▸ **About this exercise**
Only the lines holding "EUWT" are wanted here; copy each from the listing.

▸ **Task inputs**
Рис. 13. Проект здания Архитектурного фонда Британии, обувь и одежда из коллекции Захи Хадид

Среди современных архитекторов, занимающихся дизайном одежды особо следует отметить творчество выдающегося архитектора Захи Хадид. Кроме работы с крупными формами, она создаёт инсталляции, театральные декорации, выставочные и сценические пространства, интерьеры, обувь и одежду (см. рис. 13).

---

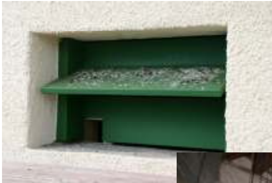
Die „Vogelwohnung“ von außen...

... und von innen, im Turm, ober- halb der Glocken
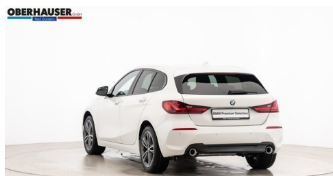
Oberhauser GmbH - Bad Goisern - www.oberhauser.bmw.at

* * *

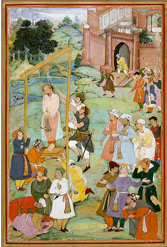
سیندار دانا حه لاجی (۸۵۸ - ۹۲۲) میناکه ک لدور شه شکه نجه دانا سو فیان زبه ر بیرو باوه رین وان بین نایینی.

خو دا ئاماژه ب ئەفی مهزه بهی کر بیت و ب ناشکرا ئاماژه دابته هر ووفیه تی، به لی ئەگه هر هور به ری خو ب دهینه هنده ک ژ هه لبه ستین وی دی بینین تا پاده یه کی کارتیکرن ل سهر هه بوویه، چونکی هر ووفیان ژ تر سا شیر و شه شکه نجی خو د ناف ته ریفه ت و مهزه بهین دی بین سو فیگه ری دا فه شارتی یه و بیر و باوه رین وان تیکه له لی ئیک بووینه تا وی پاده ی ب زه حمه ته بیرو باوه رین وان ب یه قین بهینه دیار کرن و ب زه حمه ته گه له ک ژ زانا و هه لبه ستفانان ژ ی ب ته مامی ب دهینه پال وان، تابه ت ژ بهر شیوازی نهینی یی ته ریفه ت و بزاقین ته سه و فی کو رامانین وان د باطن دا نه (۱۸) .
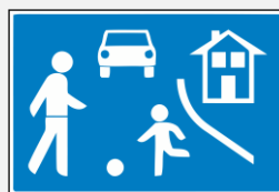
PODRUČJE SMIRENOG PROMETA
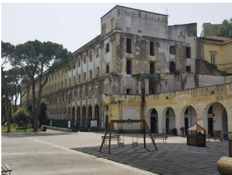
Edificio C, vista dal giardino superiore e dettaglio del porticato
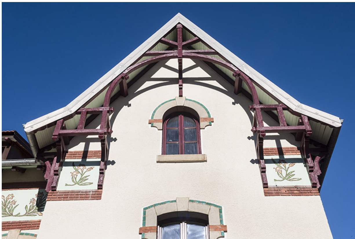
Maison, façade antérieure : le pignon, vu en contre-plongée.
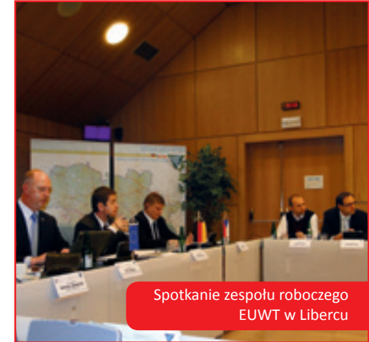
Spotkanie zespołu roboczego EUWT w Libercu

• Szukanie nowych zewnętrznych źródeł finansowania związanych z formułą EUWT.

▸ **Your response**
Spotkanie zespołu roboczego EUWT w Libercu
• Szukanie nowych zewnętrznych źródeł finansowania związanych z formułą EUWT.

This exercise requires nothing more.